= Nobilissima familia (Hungary) =

The terms Nobilissimus (most noble) and nobilissima familia (most noble family) have been used since the 11th century for the King of Hungary and his family. But it were then only a few that were mentioned in documents as such:

- in the year 1055 Bela I of Hungary.
- in the year 1093 Saint Ladislaus I of Hungary.
- in the year 1161 Ladislaus II of Hungary.
- in the year 1213 Gertrude of Merania.
- in the year 1226 Coloman of Lodomeria.
- in the year 1386 Saint Hedwig of Poland.
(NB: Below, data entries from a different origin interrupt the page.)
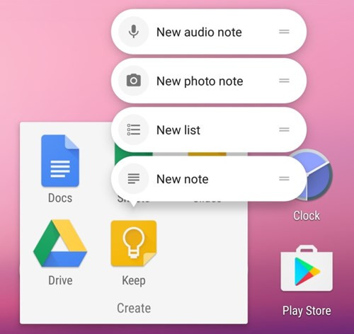 Tương tự các ứng dụng trên, Keep cũng hỗ trợ 2 app shortcut rất hữu ích là New list và New Note, giúp người dùng mở nhanh một trang ghi chú mới trong những trường hợp cấp bách.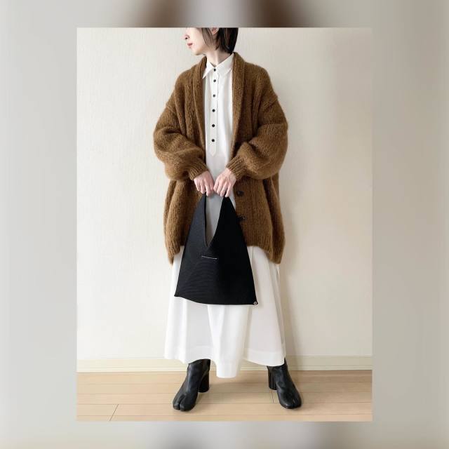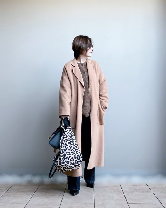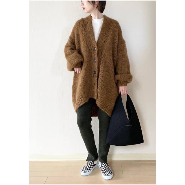長め丈茶色カーディガンのコーデ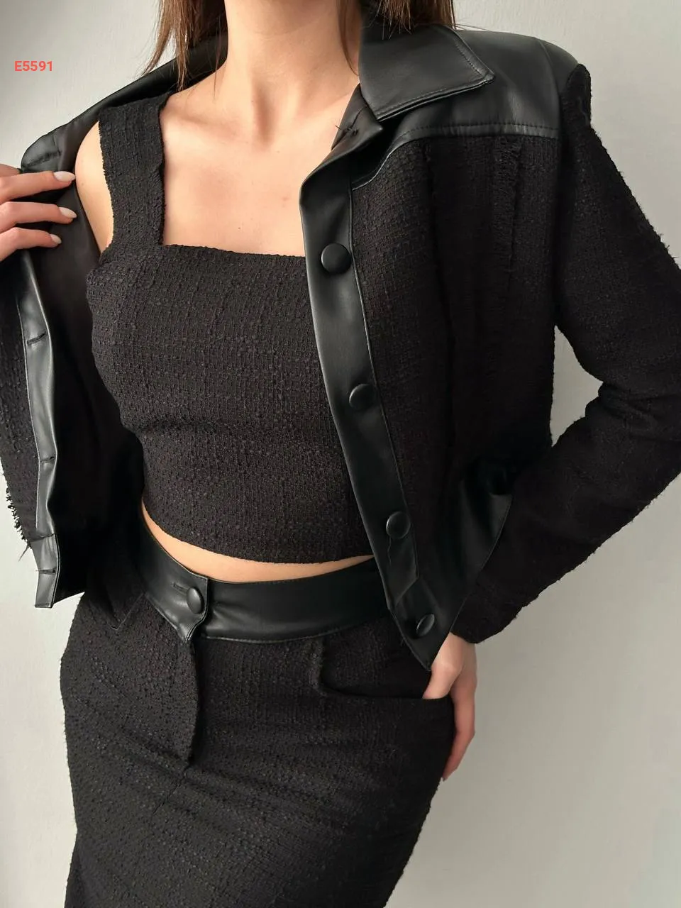 طقم تنورة شانيل 3 قطع مكلف جلد
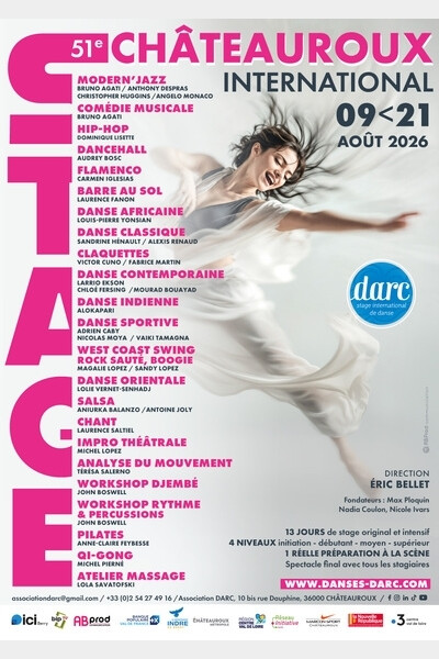 Du 09 au 21 août 2026, plus de 650 stagiaires de tout âge et du monde entier (Europe, Japon, Chine, États-Unis, Afrique, etc...) viendront au Stage International de Danse – Chant – Comédie de Châteauroux.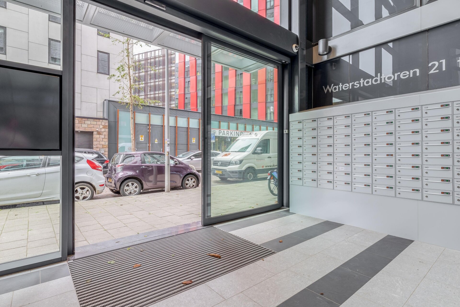 Het penthouse maakt deel uit van de Waterstadtoren: een luxe en goed onderhouden appartementencomplex in het Maritiem District. Dit deel van Rotterdam is bijzonder geliefd door de combinatie van moderne architectuur, water, rust én directe nabijheid van de stad. Je loopt zo naar de Markthal, de Oude Haven of het centrum voor een diner, drankje of dagelijkse boodschappen. OV, uitvalswegen, winkels en cultuur liggen letterlijk aan je voeten.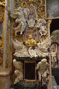 Mais les Hospitaliers développèrent ce système pour en faire un pivot de leur activité économique pendant plus de deux siècles[18]. C'est ce modèle économico-militaire qui entretiendra si durablement le système esclavagiste à Malte. À ce titre le tombeau du Grand maître Nicolas Cotoner, soutenu par deux statues d'esclaves est une fine métaphore du système économique des Hospitaliers.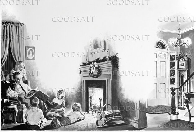 A father reads a story to his children at Christmas before a fireplace. Vintage drawing by IDEALS Collections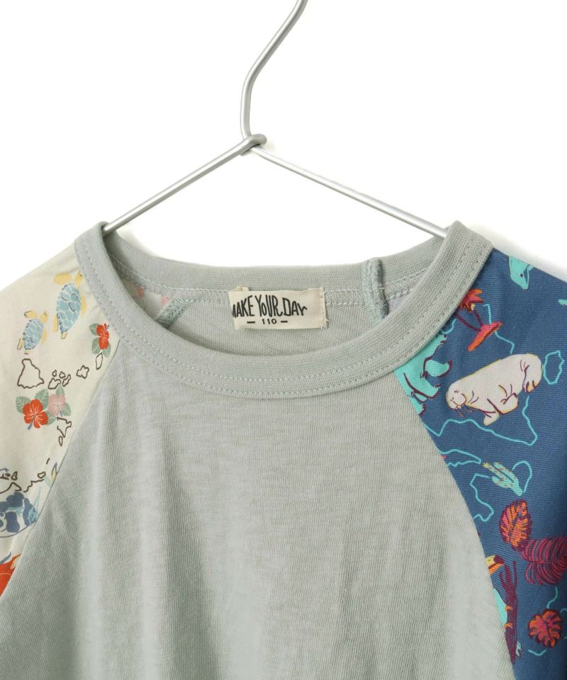 【セール】袖素材切替ラグラン半袖Tシャツ■90~140cm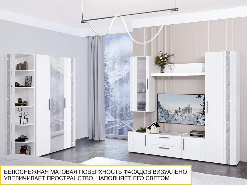 Белоснежные матовые фасады и нежно-серый мерцающий декор «мрамор» – визитная карточка этой коллекции. Конструктив и дизайн модели продуман до мелочей.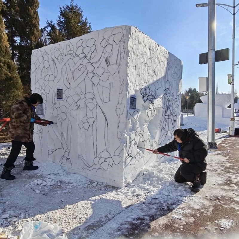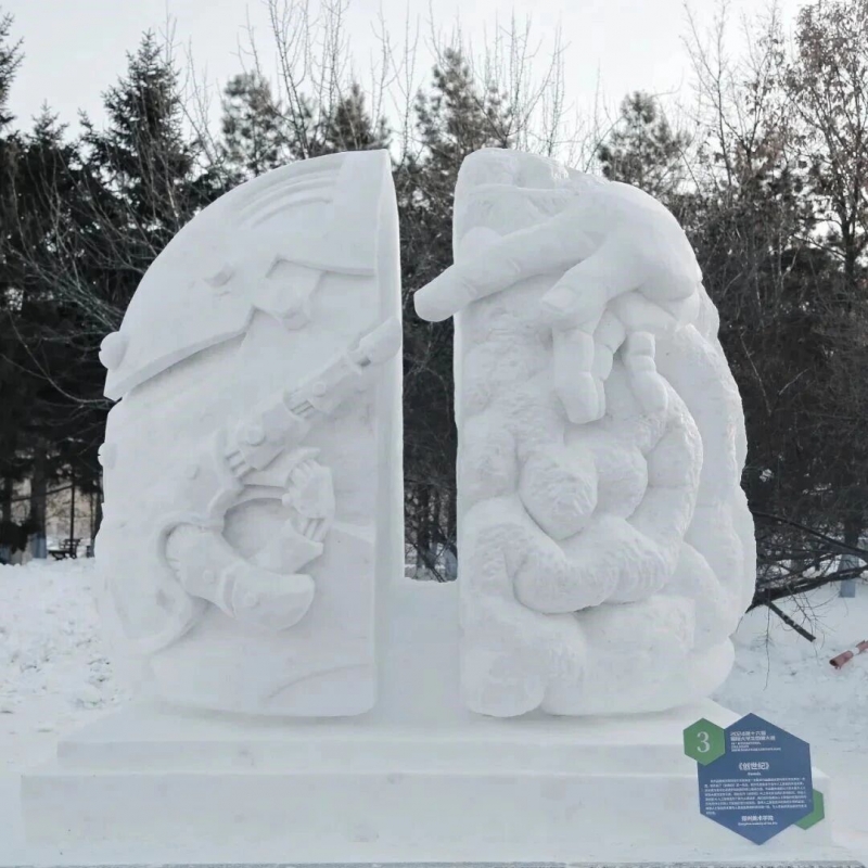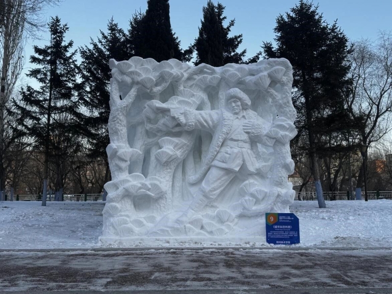 本次大赛要求参赛团队在4天时间内,于3米见方的雪块上完成全手工创作,既要抵御严寒挑战,更需实现创意与技艺的高度融合。学校作品《盛世如您所愿》紧扣时代脉搏,突出纪念中国人民抗日战争暨世界反法西斯战争胜利80周年主题,以杨靖宇将军驱寇御侮、舍生取义的英雄事迹为精神内核,通过高浮雕、浅浮雕与透雕相结合的综合技法,镌刻出先烈宁死不屈的铮铮风骨,辅以苍松密林的意象,隐喻中华儿女在民族复兴道路上赓续血脉、砥砺前行的精神传承,实现了从历史叙事到精神象征的艺术升华。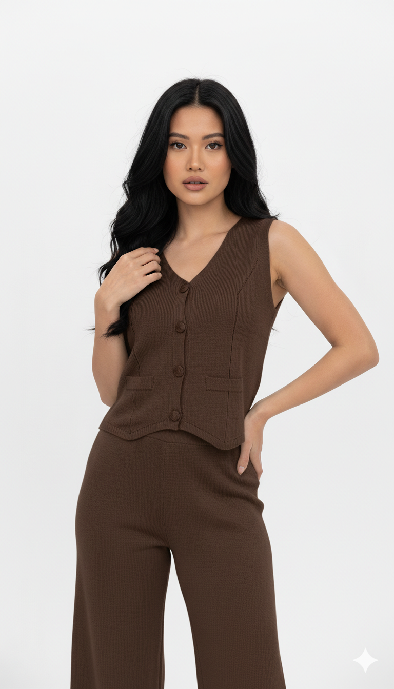 O conjunto sândalo traduz sofisticação minimalista com conforto absoluto. Confeccionado em tricot leve e macio, ele é composto por colete com abotoamento frontal e calça de caimento fluido, formando um visual moderno, elegante e extremamente versátil.
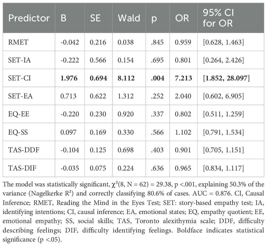 A binary logistic regression was then conducted to assess whether specific cognitive-emotional variables—namely, subscales related to theory of mind (ToM), empathy, and alexithymia—predicted group membership (bAN vs. GP). Eight predictors were selected based on both theoretical relevance and significant between-group differences in preliminary analyses. We acknowledge that this number approaches the limits of model stability given our sample size (N = 62), and interpret findings accordingly as exploratory. To assess potential multicollinearity, Variance Inflation Factor (VIF) values were calculated for all predictors; all were below 3.0, indicating acceptable independence among variables. Additionally, a sensitivity analysis was conducted by removing the SET-CI variable from the model.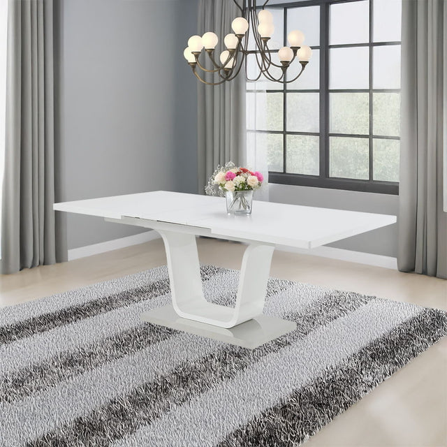 This Kamaile dining table is modern and stylish, and the smooth white high gloss is inviting in any dining space. The extending dining table features a beautiful chrome base with an open U-shaped pedestal and is complimented by a wooden top. The tabletop can be easily expanded to accommodate additional dining guests.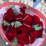 Эвкалипт - 2 шт. Упаковка дизайнерская - 1 шт. роза кения - 15 шт.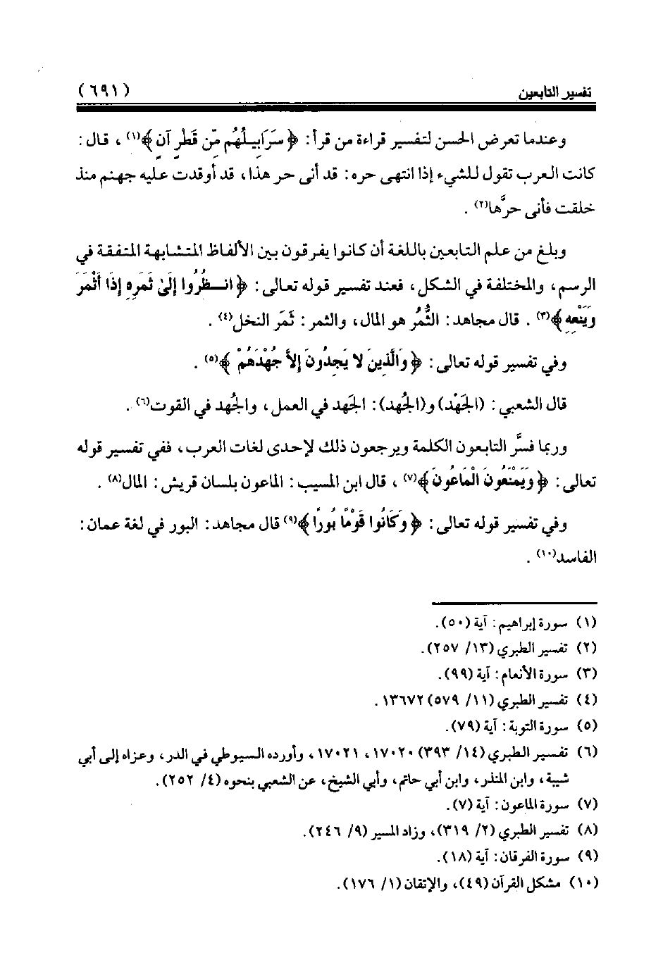 وبلغ من علم التابعين باللغة أن كانوا يفرقون بين الألفاظ المتشابهة المتفقة في الرسم، والمختلفة في الشكل، فعند تفسير قوله تعالى: {انْظُرُوا إِلى َ ثَمَرِهِ إِذَا أَثْمَرَ وَيَنْعِهِ} (¬3). قال مجاهد: الثّمر هو المال، والثمر: ثمر النخل (¬4).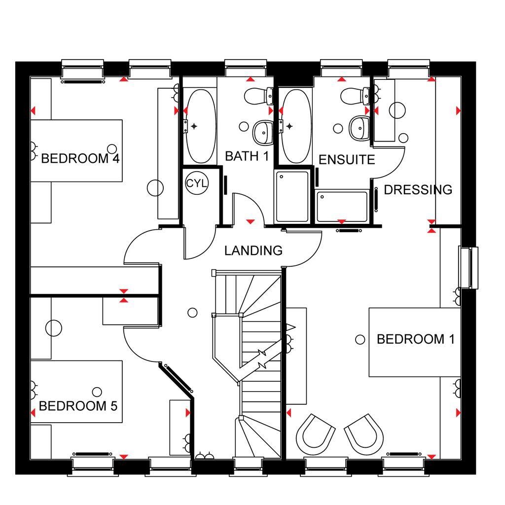 Downstairs you`ll find a handy HOME OFFICE and a LARGE LOUNGE that leads through to your SEPARATE DINING ROOM and the OPEN-PLAN KITCHEN, with family area and FRENCH DOORS out to your garden. On the first floor you`ll find your LARGE MAIN BEDROOM with its own DRESSING AREA and EN SUITE. A further two DOUBLE BEDROOMS and FAMILY BATHROOM complete this floor. On the top floor there are two further DOUBLE BEDROOMS and a further BATHROOM. This home also has a DOUBLE GARAGE with parking for four cars. Plot 265, The ENERGY-EFFICIENT Buckingham, David Wilson Homes at Ashlawn Gardens

Besides the most noble family of the King of Hungary were three other families mentioned in court verdicts in the 14th century in Hungary and in Dalmatia as "nobilissima familia" (most noble family):

- in the year 1322 the most noble family of Budislav de genere Percal in a supreme court verdict in a case about the right of jurisdiction in a village.
- in the year 1340 the most noble family of Job Zabroczky de Kesmark, because he could through his genealogy verify, that his family once had come from Dalmatia, because he was the son of Adam, son of Demetrius, son of Jonas, son of Hervard, son of Koloman, son of Gothard, son of Benedictus.
- in the year 1360 the most noble family of duke Gilet de Fraknó, because he gave Fraknó back to the crown.